A lack of independent measurement also creates conflicts of interest. As independent econometrician Alex Vass commented, “When a platform builds the tool that’s supposed to evaluate that platform’s performance… what do you think the recommendations will be? Many of these tools lack rigour, overstate impact, or bury assumptions.”

There is demand from agency strategists for cross-platform viewability standards, which has led to efforts such as the cross-media measurement service Origin. The initiative, which officially launched last summer, has, however, also found itself mired in disagreements over how to display differences in viewability standards favoured by different media owners.

Short-termism is also a considerable hurdle for marketers to overcome. The ease of use and availability of short-term performance data “has created a gravitational pull towards channels that appear most measurable,” the white paper reads.

Yet, as EssenceMediacom UK chief strategy officer Rich Kirk notes in the paper, “it holds true that in most categories, 95% of the people who see the advertising are not ready to buy right now,” suggesting an overfocus on short-termism can be wasteful and ineffective.

Calls to action for JICs, advertisers and platforms

According to IPA joint research director Dan Flynn, while the ad industry has benefitted from a “profusion of data” about media audiences amid the shift to digital practices, this data “has not led to an equivalent increase in knowledge.”

“With ongoing pressure on marketing accountability, the industry’s ambition to account rigorously for the investment in media advertising is being clouded by the noise that comes from a variety of proprietary definitions of audience exposure,” he said. “This new paper is a call to action for all sides of the industry to prioritise the use of trusted, joint-industry sources as a foundation stone for strategic planning and campaign evaluation.”

New thinking, not new analogies, are needed to sell quality media amid an economic storm

Signals in the Noise 2 indeed makes four direct calls to action to improve advertising effectiveness.

For the media industry as a whole, it urges stakeholders to “invest in and treasure the joint-industry currencies”.

Meanwhile, joint-industry currencies are called upon to “make their data work harder” for the data analytics community.
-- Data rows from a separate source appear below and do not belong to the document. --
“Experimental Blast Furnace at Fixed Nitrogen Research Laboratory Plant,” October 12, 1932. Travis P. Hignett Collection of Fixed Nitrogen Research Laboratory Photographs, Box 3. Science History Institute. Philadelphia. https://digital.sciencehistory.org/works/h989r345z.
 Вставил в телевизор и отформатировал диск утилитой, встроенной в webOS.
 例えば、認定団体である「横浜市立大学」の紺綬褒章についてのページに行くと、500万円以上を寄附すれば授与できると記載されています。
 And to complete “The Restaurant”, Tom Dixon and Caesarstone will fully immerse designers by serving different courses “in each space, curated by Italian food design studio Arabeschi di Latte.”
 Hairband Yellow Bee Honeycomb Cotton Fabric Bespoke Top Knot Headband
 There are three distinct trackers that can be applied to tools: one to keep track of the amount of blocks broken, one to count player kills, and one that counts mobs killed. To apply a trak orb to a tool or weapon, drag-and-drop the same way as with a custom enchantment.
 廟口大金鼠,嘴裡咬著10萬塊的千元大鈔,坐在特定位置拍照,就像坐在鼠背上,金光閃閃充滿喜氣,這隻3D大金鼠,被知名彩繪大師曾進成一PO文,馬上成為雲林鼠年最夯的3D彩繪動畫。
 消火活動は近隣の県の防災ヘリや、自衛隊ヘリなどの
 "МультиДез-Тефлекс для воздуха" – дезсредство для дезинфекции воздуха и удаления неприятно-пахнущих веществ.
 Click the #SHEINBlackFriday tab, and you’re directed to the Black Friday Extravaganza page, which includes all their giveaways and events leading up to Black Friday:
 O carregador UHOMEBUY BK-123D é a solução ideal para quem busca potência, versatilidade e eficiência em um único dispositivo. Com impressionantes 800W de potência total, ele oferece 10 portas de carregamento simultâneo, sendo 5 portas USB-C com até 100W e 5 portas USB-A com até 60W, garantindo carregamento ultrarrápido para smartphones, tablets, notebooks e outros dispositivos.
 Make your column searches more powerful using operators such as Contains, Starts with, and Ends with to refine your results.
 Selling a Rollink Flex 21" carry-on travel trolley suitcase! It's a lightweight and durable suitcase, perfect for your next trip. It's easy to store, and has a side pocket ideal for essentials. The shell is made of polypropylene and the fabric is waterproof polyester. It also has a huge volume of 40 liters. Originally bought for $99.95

Likewise, it asks for data analysts to “apply the same rigour to assessing data quality that they bring to building models.”

Finally, the white paper also calls for online platforms to make “tangible commitments to the joint-industry principles of transparency, objectivity and independence.”

The report notes that the marketing data analytics community is willing to embrace joint-industry sources over proprietary data, but that it “needs those sources to be more accessible, better documented, and more readily integrated into the modelling and analytics workflows that now sit at the heart of effectiveness measurement.”

It reads: “What effectiveness experts need from audience data is consistent, comparable evidence of how many people have seen an ad; how often and for how long; insight into effective levels of exposure across different channels; and the ability to calculate share of voice across the full media mix.

“These are not luxuries or refinements — they are the foundations on which sound investment decisions are built. And they are precisely what joint-industry measurement, at its best, is designed to deliver.”